— Required work —
Only one stretch of the material below is wanted: everything from the line containing "Desde el distribuidor" down to the line containing "A Oficina ocorrerá", both ends included. Repeat it exactly and skip the pictures.

— Recorded data —
__________

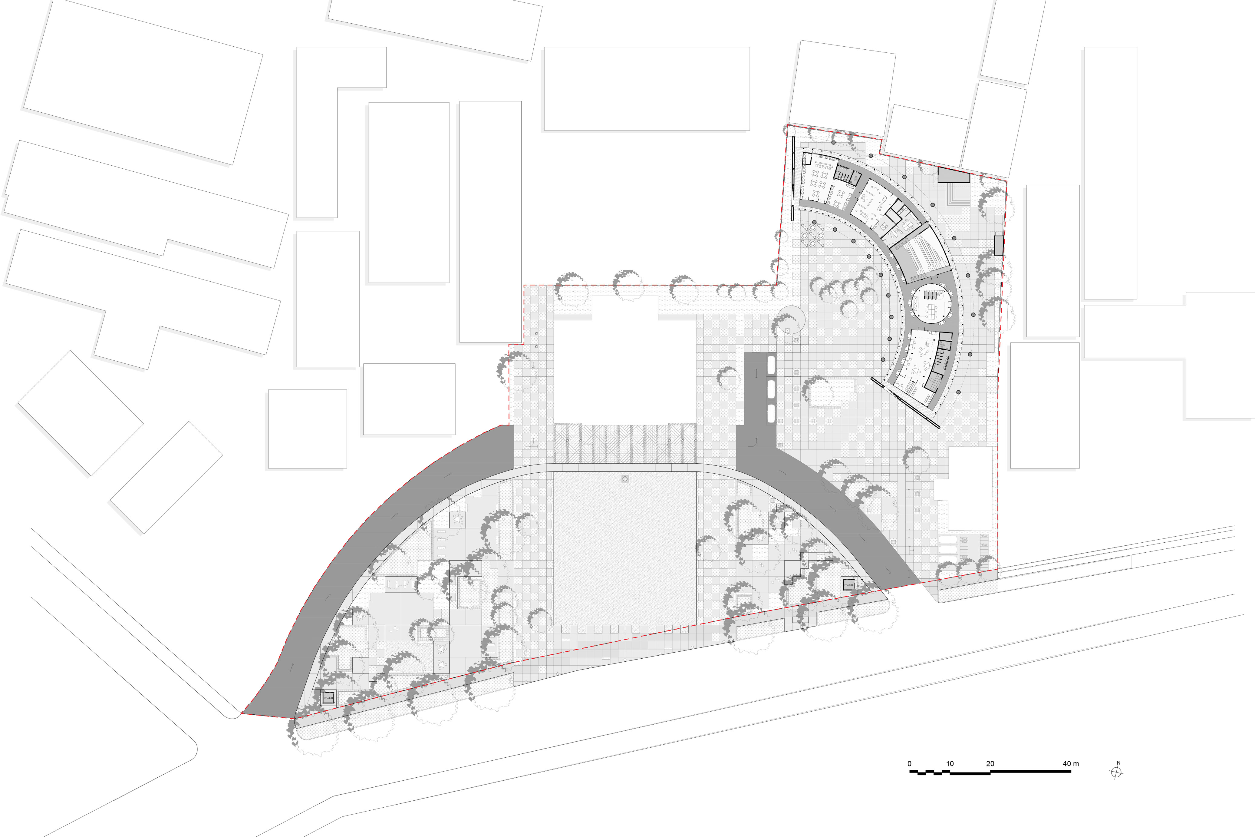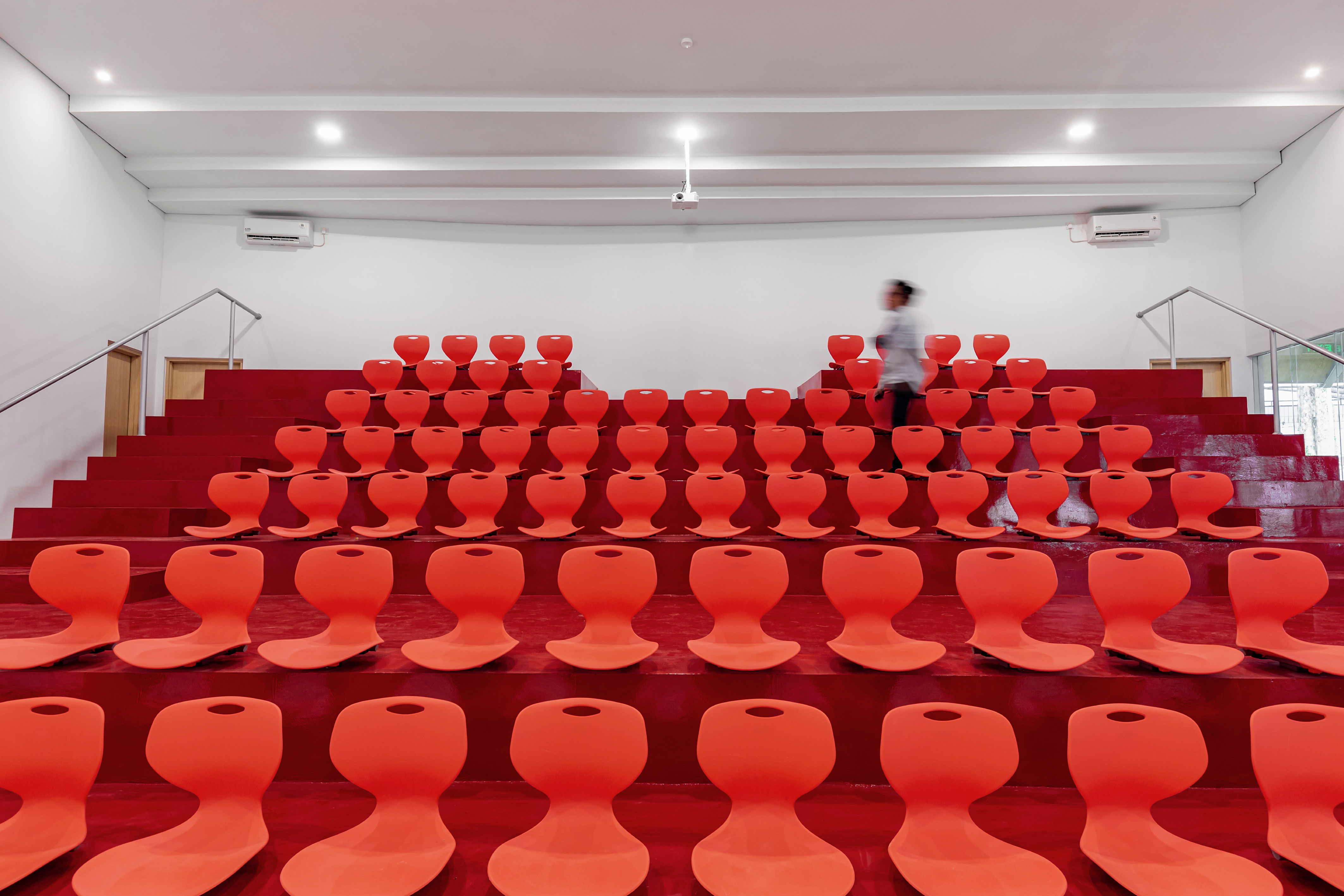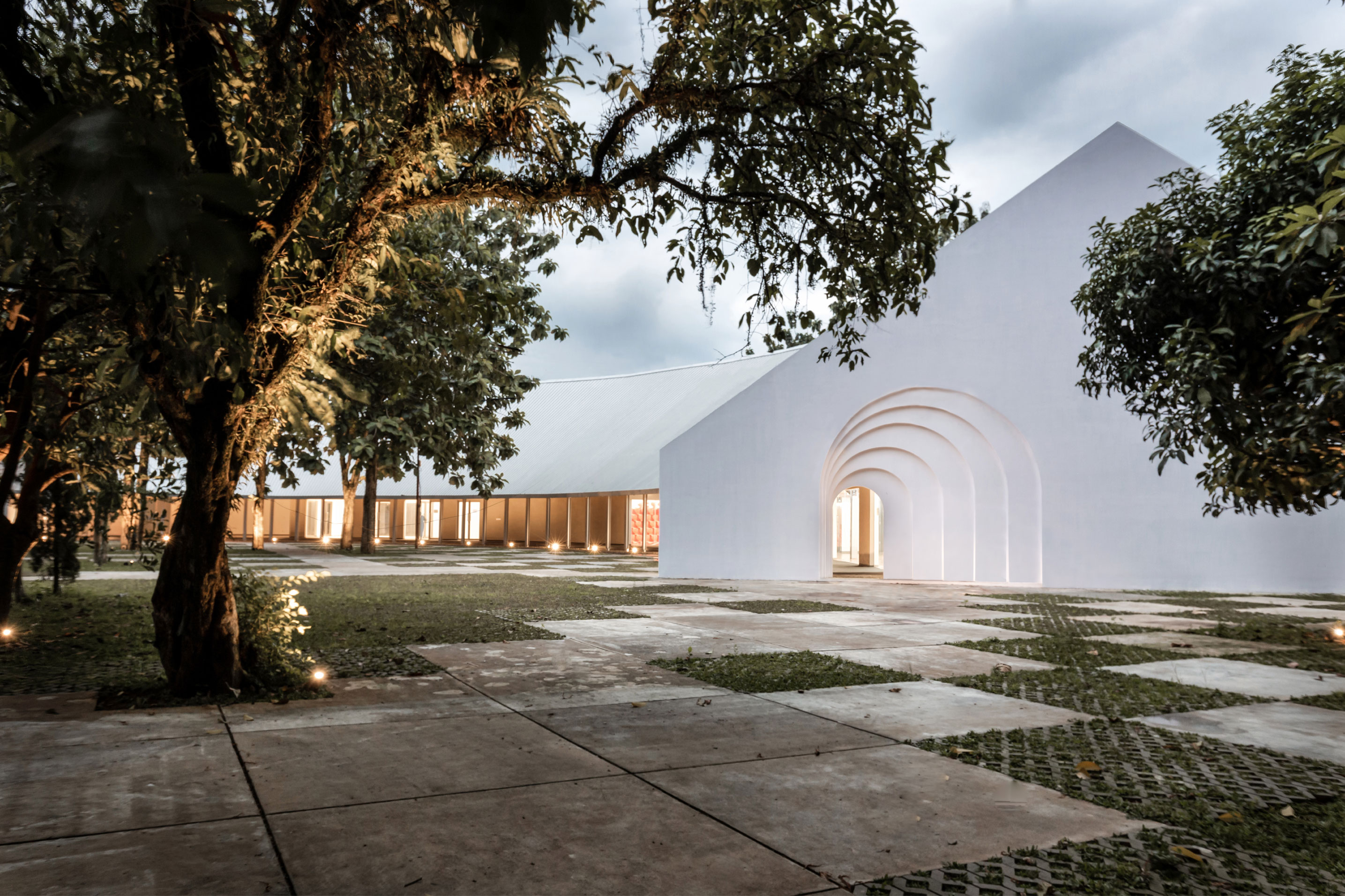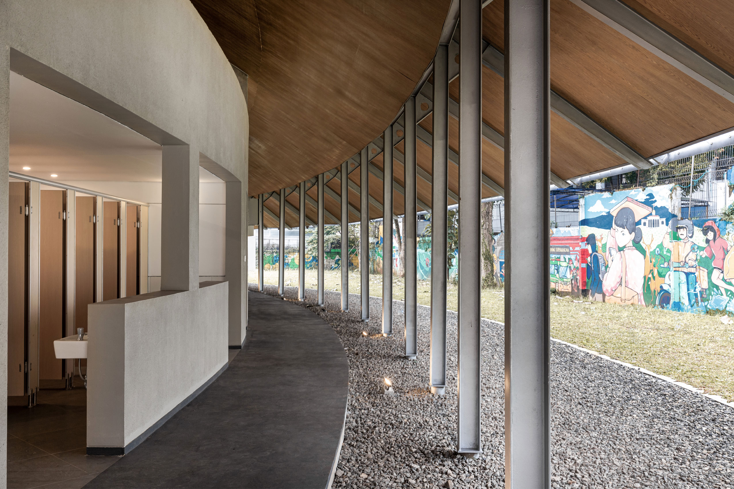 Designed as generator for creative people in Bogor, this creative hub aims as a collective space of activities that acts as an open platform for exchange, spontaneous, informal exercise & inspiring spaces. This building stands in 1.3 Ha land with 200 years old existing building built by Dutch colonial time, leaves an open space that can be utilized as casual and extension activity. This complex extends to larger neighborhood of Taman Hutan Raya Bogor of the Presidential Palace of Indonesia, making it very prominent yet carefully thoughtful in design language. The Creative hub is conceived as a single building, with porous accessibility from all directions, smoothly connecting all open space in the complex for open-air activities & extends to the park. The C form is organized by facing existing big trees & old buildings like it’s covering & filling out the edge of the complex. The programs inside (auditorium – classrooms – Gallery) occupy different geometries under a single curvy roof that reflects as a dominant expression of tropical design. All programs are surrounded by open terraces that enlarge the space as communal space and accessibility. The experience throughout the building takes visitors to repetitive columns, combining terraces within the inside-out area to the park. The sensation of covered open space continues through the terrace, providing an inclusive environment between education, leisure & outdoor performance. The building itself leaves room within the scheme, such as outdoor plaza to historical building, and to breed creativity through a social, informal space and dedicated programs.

__________

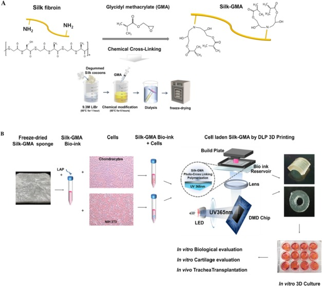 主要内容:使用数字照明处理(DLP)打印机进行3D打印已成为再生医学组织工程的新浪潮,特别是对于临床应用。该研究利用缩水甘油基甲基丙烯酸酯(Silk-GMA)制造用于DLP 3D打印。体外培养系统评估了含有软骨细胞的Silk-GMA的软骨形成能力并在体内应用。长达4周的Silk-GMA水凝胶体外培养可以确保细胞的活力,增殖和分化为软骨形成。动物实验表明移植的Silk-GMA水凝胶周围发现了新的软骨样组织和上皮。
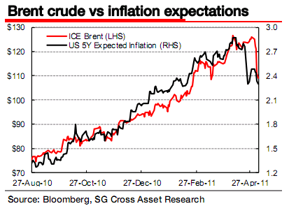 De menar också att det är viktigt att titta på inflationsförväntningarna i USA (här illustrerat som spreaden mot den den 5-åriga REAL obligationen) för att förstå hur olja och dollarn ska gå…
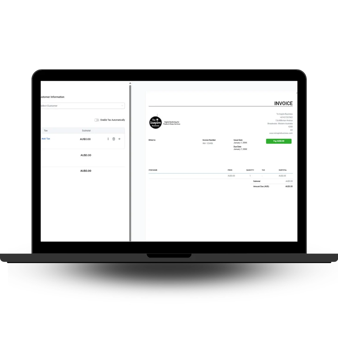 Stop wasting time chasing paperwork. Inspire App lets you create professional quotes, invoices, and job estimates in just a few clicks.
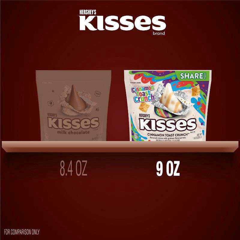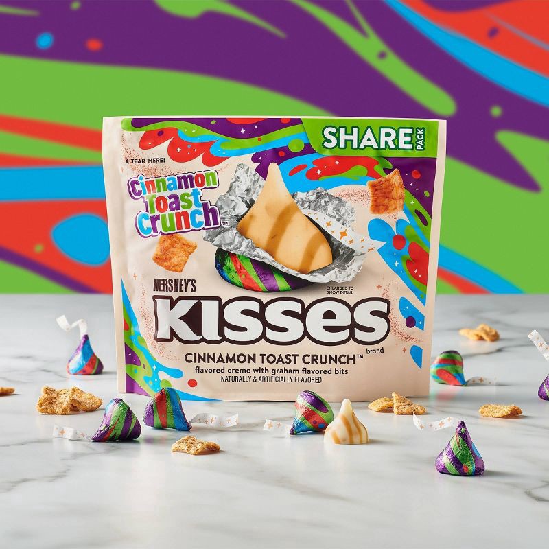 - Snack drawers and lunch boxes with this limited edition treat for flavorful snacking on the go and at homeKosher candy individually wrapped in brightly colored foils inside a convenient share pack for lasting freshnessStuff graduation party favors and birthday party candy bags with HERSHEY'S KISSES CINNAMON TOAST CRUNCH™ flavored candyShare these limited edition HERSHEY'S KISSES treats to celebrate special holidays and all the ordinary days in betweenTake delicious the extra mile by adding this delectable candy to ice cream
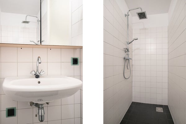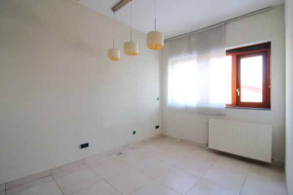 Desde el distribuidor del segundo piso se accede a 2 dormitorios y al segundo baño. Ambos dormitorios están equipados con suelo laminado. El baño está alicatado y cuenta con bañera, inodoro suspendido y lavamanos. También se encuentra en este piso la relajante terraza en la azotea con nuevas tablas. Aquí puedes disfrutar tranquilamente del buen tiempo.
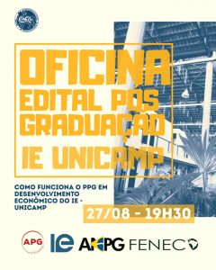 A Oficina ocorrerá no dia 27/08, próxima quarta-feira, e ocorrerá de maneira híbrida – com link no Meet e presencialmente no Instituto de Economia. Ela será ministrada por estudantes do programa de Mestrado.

__________

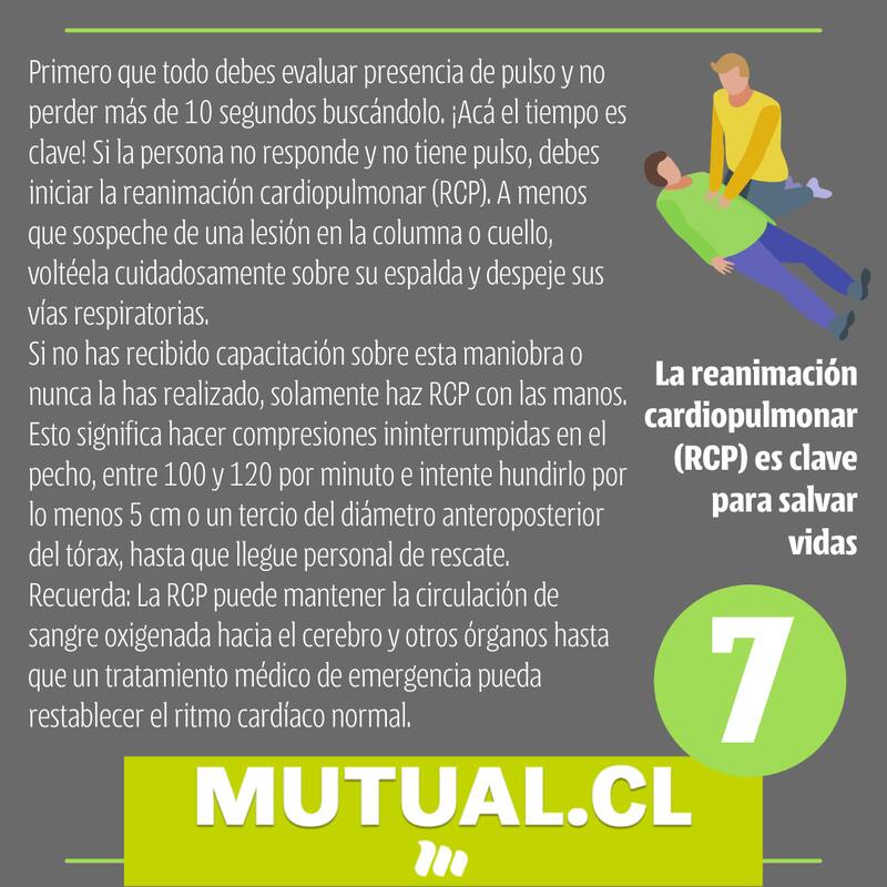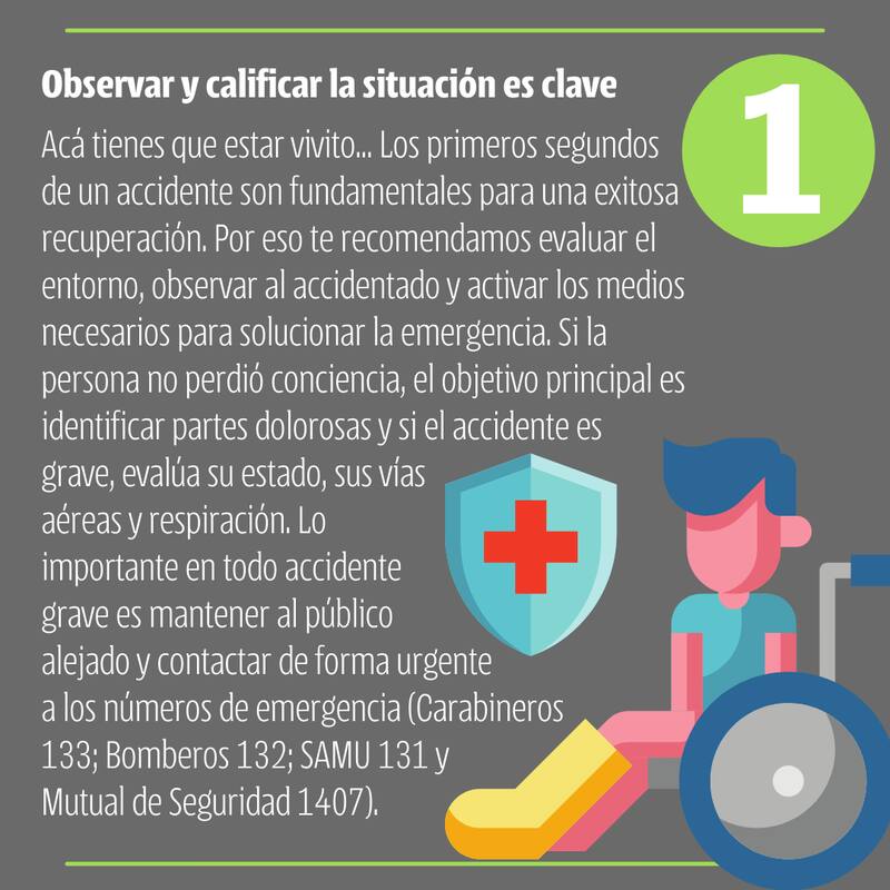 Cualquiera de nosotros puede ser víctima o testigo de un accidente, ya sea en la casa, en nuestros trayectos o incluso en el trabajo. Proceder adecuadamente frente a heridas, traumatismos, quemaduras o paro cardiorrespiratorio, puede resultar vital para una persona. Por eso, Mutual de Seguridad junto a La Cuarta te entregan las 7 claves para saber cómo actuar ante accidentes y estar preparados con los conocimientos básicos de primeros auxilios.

__________

— Result of this exercise —
 Desde el distribuidor del segundo piso se accede a 2 dormitorios y al segundo baño. Ambos dormitorios están equipados con suelo laminado. El baño está alicatado y cuenta con bañera, inodoro suspendido y lavamanos. También se encuentra en este piso la relajante terraza en la azotea con nuevas tablas. Aquí puedes disfrutar tranquilamente del buen tiempo.
 A Oficina ocorrerá no dia 27/08, próxima quarta-feira, e ocorrerá de maneira híbrida – com link no Meet e presencialmente no Instituto de Economia. Ela será ministrada por estudantes do programa de Mestrado.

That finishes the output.